If you want to fetch feeds from SSL (secure) servers, use the https protocol (aka scheme) and make sure you have cURL installed. I found that in order to fetch some feeds, from mozilla.org for instance, I needed to compile and install cURL, and edit the Snoopy package used by MagpieRSS. This was necessary because the default location for cURL is /usr/bin/curl, and I put mine in /usr/local/bin. See the Snoopy.class.inc file in the MagpieRSS extlib install directory for details.

Open source at work.
I personally like to see who is accessing my resources. Since MagpieRSS is a popular feed parser and I produce several feeds myself, I see a lot of requests for mine using this software. I felt it was important to identify myself when doing the same for other feeds. Kellan provides a hook to set the user-agent string in the rss_fetch.inc file by defining the constant MAGPIE_USER_AGENT before you include the file. Because I only wanted to modify the URL portion of the agent string (much like you will see when friendly robots are indexing your site), and leave the rest alone (the agent identifying string and version number), I created a new constant MAGPIE_AGENT_URL and modified rss_fetch.inc accordingly. Note that you can still override the entire user-agent string by defining the constant as described above before including the library. Below is a context diff you can apply to the rss_fetch.inc using the patch program if you want this same functionality. Or you can download the file as rss_fetch.diff.
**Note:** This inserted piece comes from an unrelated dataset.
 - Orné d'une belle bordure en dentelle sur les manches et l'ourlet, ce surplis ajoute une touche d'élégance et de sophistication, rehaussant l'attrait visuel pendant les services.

To apply the patch, simply upload it into the same directory as the original and issue a:

shell> patch < rss_fetch.diff

After making these modifications, my new user-agent string when requesting feeds via dnews and MagpieRSS is:

MagpieRSS/0.7 (+http://loadaveragezero.com/app/dnews)

Alternative approach.
Using MagpieRSS in this manner is PHP version agnostic (although I recommend using at least 4.3.x). If you’re interested in another approach that leverages PHP5, its built-in SimpleXML parsing library, the DOM XML extension and the APC from PECL, then have a look at Rasmus’ simple_rss.php. You’ll find more great code like this at the Yahoo! Developer Network.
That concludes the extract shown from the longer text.